To further understand the relationship between immature cortical development and depletion of neuroblasts in the SVZ, mature neuronal populations were analyzed within upper and lower layers of frontal cortices (Fig. 4KM). We found that the density of NeuN+ mature neurons varies between both cortical layers and experimental groups (Fig. 4O). Despite no statistical differences in the average density of neurons between the three groups (Fig. 4N), together with decreased cortical volume in the mild and severe groups (Fig. 4E) the results indicate an overall reduction in the total number of mature neurons in the frontal cortex after CPB.

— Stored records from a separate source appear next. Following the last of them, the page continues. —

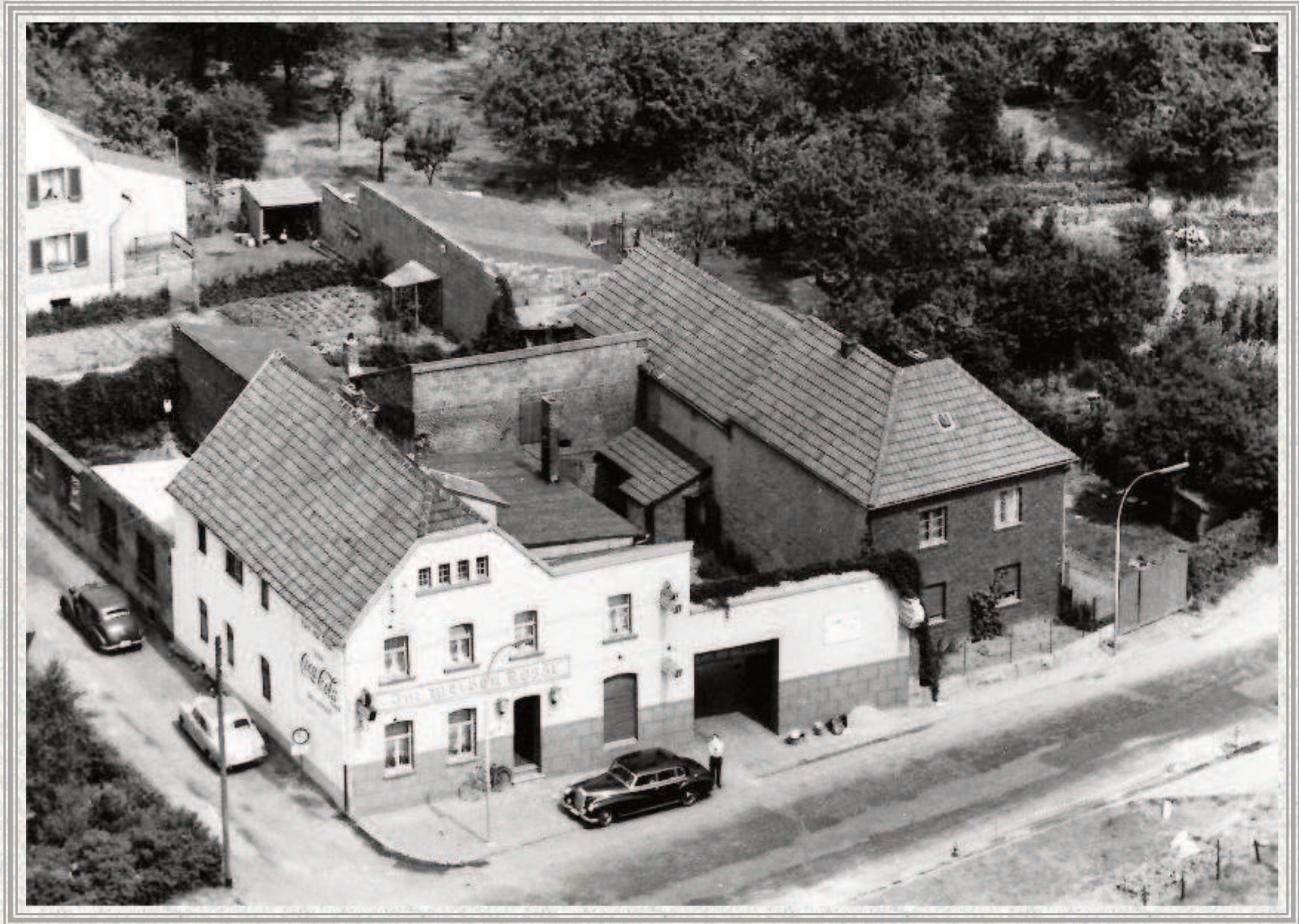
„Im weißen Rössl“ Restaurant in Setterich - 1935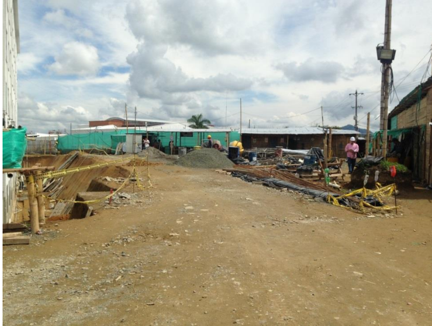
Figura 16. Predio para Biblioteca en Urbanización San Joaquín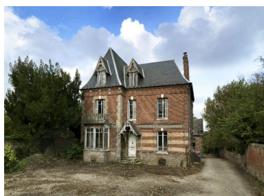
Ancienne maison du directeur de la fonderie, vue depuis la cour. IVR22_20148000644NUC2A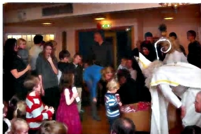
Kdepak, nezlobily, a zaslouží si mikulášskou nadílku

Všechny děti si nadšeně odnášely nadílku. A zatímco prozkoumávaly její obsah, losovala se bohatá tombola.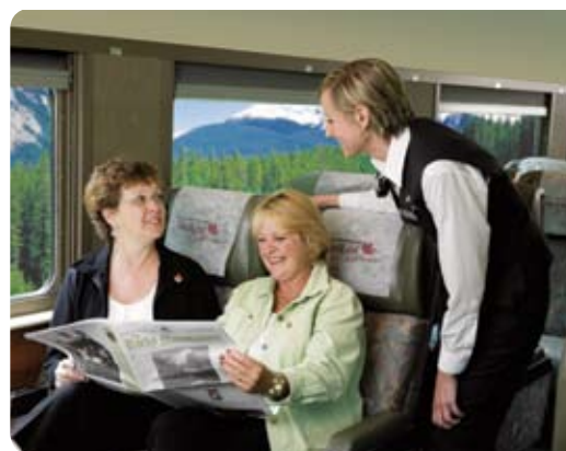
レッドリーフ・サービス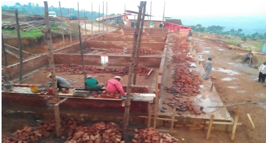
Construcción Colegio Príncipe de la Paz Beni/Kivu Norte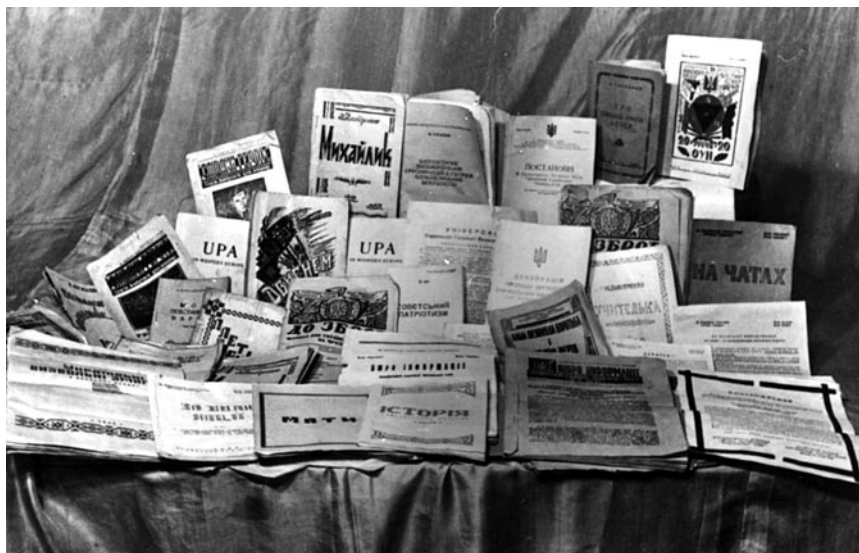
Підпільна література, конфіскована НКВД в будинку в с. Білогорця 5 березня 1950 р.

У пропагандистських інструкціях є численні поради кольпортерам стосовно методів поширення літератури, а також засад конспірації: літературу не можна було тримати в одному місці, а слід було розосереджувати по різних пунктах; вона не повинна була залежуватися, а мала постійно перебувати в русі; підпільники мали виявляти кмітливість і щоразу застосовувати нові методи кольпортажу (вкидати листівки у відчинені вікна і двері, розклеювати на стовпах і мурах, вкладати між сторінок радянських видань, запихати у кишені червоноармійців тощо) 53 . В іншій інструкції наказувалося пересилати літературу на адреси різних радянських установ, висилати на фронт, користуючись польовою поштою, підкидати у військові ешелони 54 . Одночасно інструкції застерігали від поширення друкованих видань у місцях, де це могло б викликати масову відповідальність населення.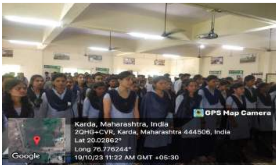
Photograph of KVK Karda Field Visit Program, date 19/10/2023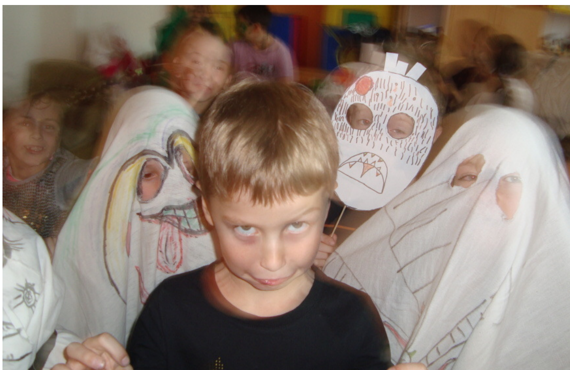
Den duchů ve školní družině (vytvořeno v rozmazávacím programu Dracula-fotoshop)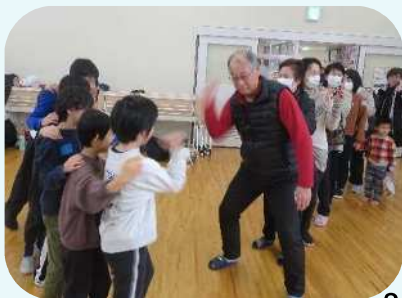
2月 仲間とレクリエーション

東地区自治振興会は、地区の住民等が身近な課題を自主的に解決し、自立的に地区の個性を生かした まちづくりを行うことを目的に設立された組織です。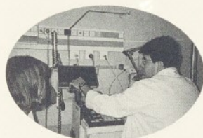
Personal mèdic i d'infermeria ultimant la posta a punt del material de l'UCI.

L'UCI de l'HGG, situada a la primera planta de l'edifici nou, és un servei ●●● (Continua a la p. 3)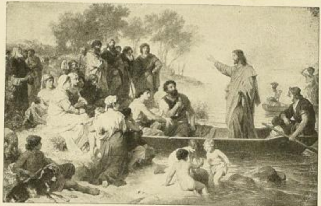
HEINR. HOFMANN: Seepredigt.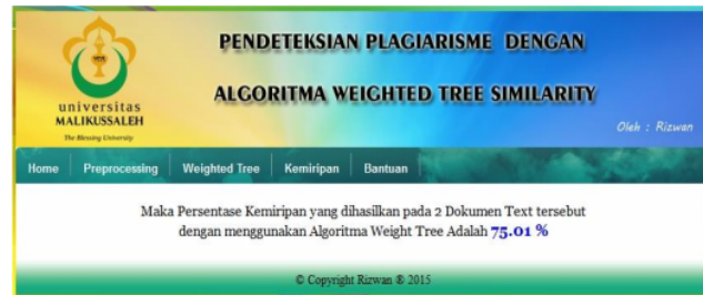
Gambar 7. Menu hasil kemiripan

Form hasil persentase kemiripan yang dihasilkan pada 2 dokumen Text tersebut dengan menggunakan Cosine Similarity merupakan form untuk melakukan presentase kemiripan yang akan dihasilkan oleh dua buah dokumen text. Berikut tampilan hasil kemiripannya.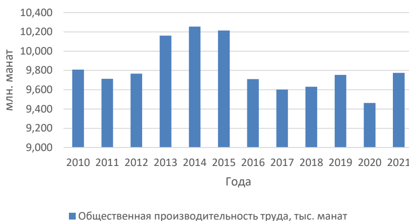
Рис. 2. Динамика уровня производительности труда Азербайджана в 2010-2021 гг

Источник: построено автором по данным [7; 8]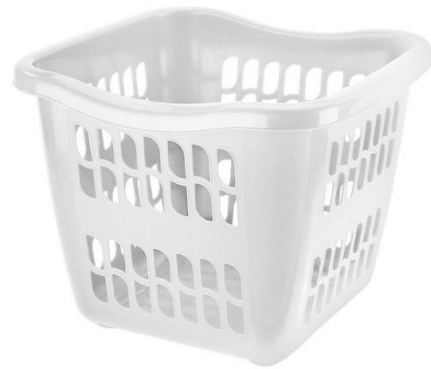
le panier à linge le panier à linge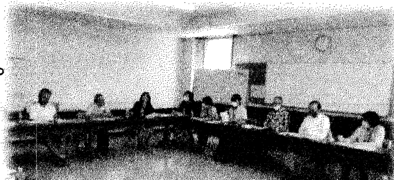
島立地区視察の様子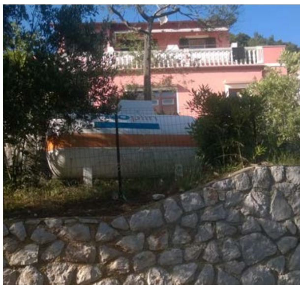
Slika 9.: Primjer plina u kućanstvu

Pojedina kućanstva imaju vlastite spremnike butan-propan plina koji se nalaze udaljeni od objekta u sklopu okućnice (Slika 9.). Popis, odnosno evidencija takvih spremnika nije dostupna Javnoj vatrogasnoj postrojbi. Tehnički uvjeti za postavljanje takvih spremnika zakonom su propisani i treba dobiti posebnu dozvolu. Problem nije kod postavljanja takvih spremnika nego u kasnijem održavanju tj. servisiranju.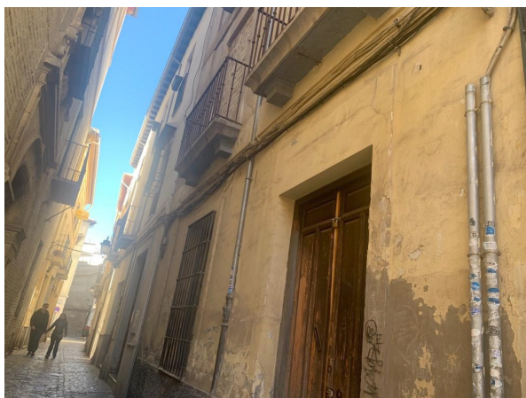
Lámina 1. Calle Escudo del Carmen 81 .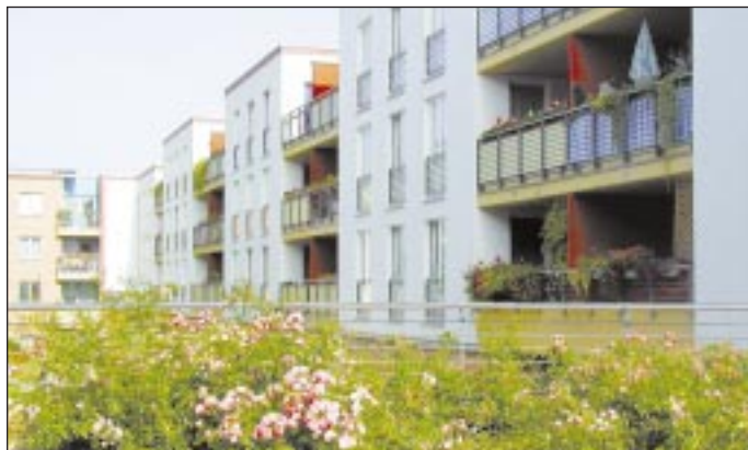
Berlínská sídliště jsou do jisté míry vzorová.

Berlínské evropanství ukazuje i diskutabilní rysy: leccos, co se staví v Berlíně, můžete téměř ve stejné podobě spatřit i v Paříži či New Yorku. Charakter města, jež má neopakovatelnou atmosféru, tu časem bude znát méně. Evropské metropole si zkrátka budou čím dál tím podobnější. Alespoň návštěvníci si takové otázky pokládají. Ostatně, v Praze si je začínáme pokládat také. (cyk)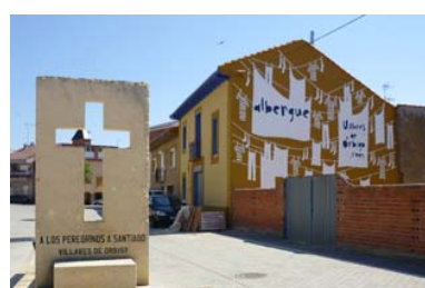
Albergue turístico de Villares de Órbigo

Hospital de Órbigo (León) Tfno: 987 38 84 44, 661 994 238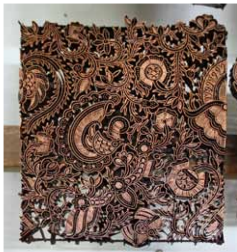
Batikovací razítka jsou sama o sobě uměleckým dílem

V polovině 19. století se v souvislosti se zvyšující poptávkou po batikových látkách a oděvech velmi rychle rozšířila nová technika batikování pomocí měděného razítka, která podstatně zrychlila výrobu a zpřístupnila batik širším vrstvám obyvatelstva. Samotné batikovací razítko je malým uměleckým dílem, které si můžete na Jávě pořídit jako suvenýr na každém větším trhu.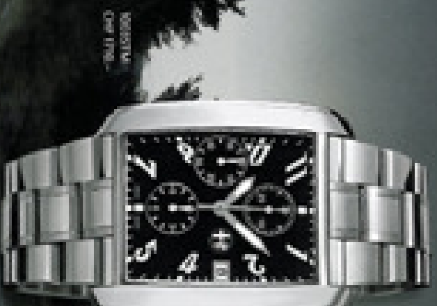
SWISSMA OHR 1718

Das Automatische Chronographen Uhrenmodell (ETA Kaliber 775) verfügt über ein herausragendes Design, inspiriert von der eleganten Ästhetik der Golfclubs. Die Uhr ist ein Meisterwerk der Schweizer Uhrenherstellung und verfügt über ein herausragendes Design.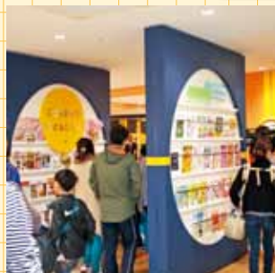
とやまこどもプラザ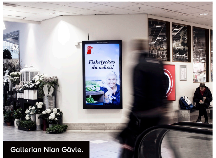
Gallerian Nian Gävle.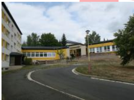
Celkový pohled (08/2018/JJ)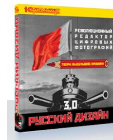
Русский Дизайн 3.0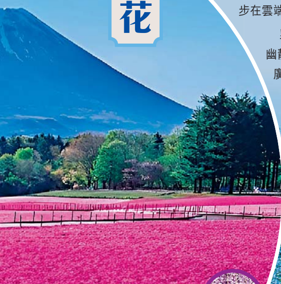
▲滿開的芝櫻加上富士山背景，非常夢幻。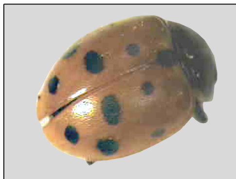
شکل ۳- کفشدوزک ۱۱ نقطه‌ای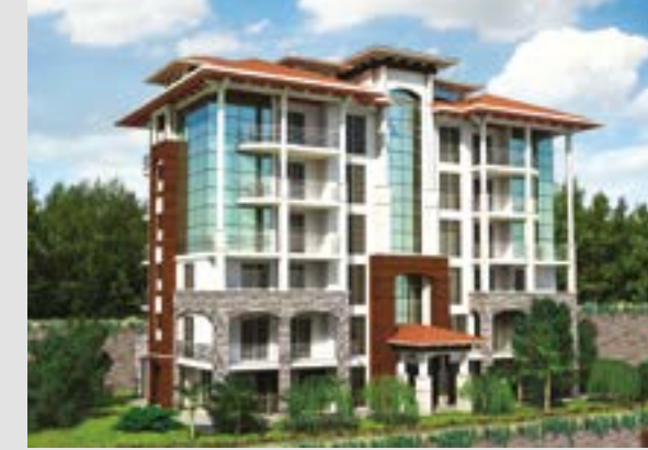
Beşevler Sanabel Konakları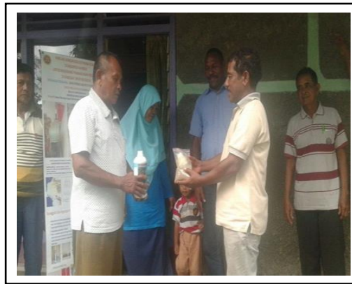
Gambar 2. Penyerahan Produk Pupuk kepada Petani

Pendampingan kepada petani juga dilakukan selama dalam tahapan penanaman sampai produksi tanaman pada demplot dalam bentuk diskusi dengan petani untuk mengevaluasi pelaksanaan demplot dan mengidentifikasi permasalahan yang timbul (Gambar 3).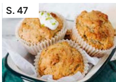
S. 47 Vegane Chiamuffins mit Kokos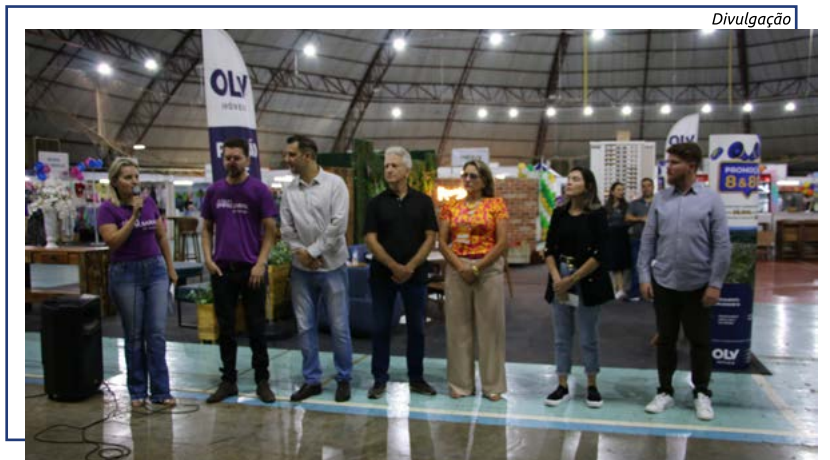
Evento foi realizado nos dias 11 e 12 de março

do evento, no próximo ano novos segmentos serão incrementados.

Quantification of Tbr1+NeuN+ excitatory neurons showed a significant difference between layers as for NeuN+ cells (Fig. 4OT). Consistent with our previous findings15, higher densities of excitatory neurons were found in the cortical lower layers compared to upper layers (Fig. 4T). On the other hand, no differences were observed in the density of excitatory neurons between CPB groups throughout the frontal lobe (Fig. 4PT). Similarly, we did not observe differences in the densities of NeuN+ mature neurons (F=0.72, P=0.49) and Tbr1+NeuN+ excitatory neurons (F=0.89, P=0.43) between prefrontal, somatosensory and insular cortices. Altogether our data demonstrate that CPB impairs cortical expansion and microstructural maturation in an insult-dependent manner and limits the number of mature neurons in the frontal cortex of the infant brain.

Cardiopulmonary bypass alters specific subpopulations of interneurons in the frontal cortex

Given previous findings demonstrating that postnatal migrating neuroblasts differentiate into inhibitory neurons14,15, we next examined the effects of CPB on GABAergic interneuron populations (i.e., inhibitory neurons) throughout the frontal cortex. Both experimental groups (F=4.58, p=0.0224) and distinguished cell types (F=27.31, p<0.0001) significantly affected the cell population 4 weeks post CPB. We found that CPB induced a significant change in the densities of three major GABAergic cell subpopulations: CalR+, PV+ and SST+ interneurons (Fig. 5AL, CPB: P<0.05). Moreover, a severe-CPB insult induced a significant decrease in densities of both PV+ and SST+ interneurons compared to control, specifically in lower cortical layers (Fig. 5EL). There were no regional differences in the CPB-induced reduction of three interneuron populations (CalR+ cells; p=0.1709, PV+ cells; p=0.0860, SST+ cells; p=0.7555). Notably, SST+ interneuron density was also statistically lower in the severe insult group compared to the mild group (Fig. 5L). Together with our observations of an unchanged excitatory neuron population (Fig. 4S,T), this reduction of interneuron subpopulations 4 weeks after surgery indicates that CPB likely results in excitatory/inhibitory imbalance throughout the frontal cortex.

Figure 5. CPB alters interneuron cell populations in the cortex 4 weeks post-surgery.

Figure 5.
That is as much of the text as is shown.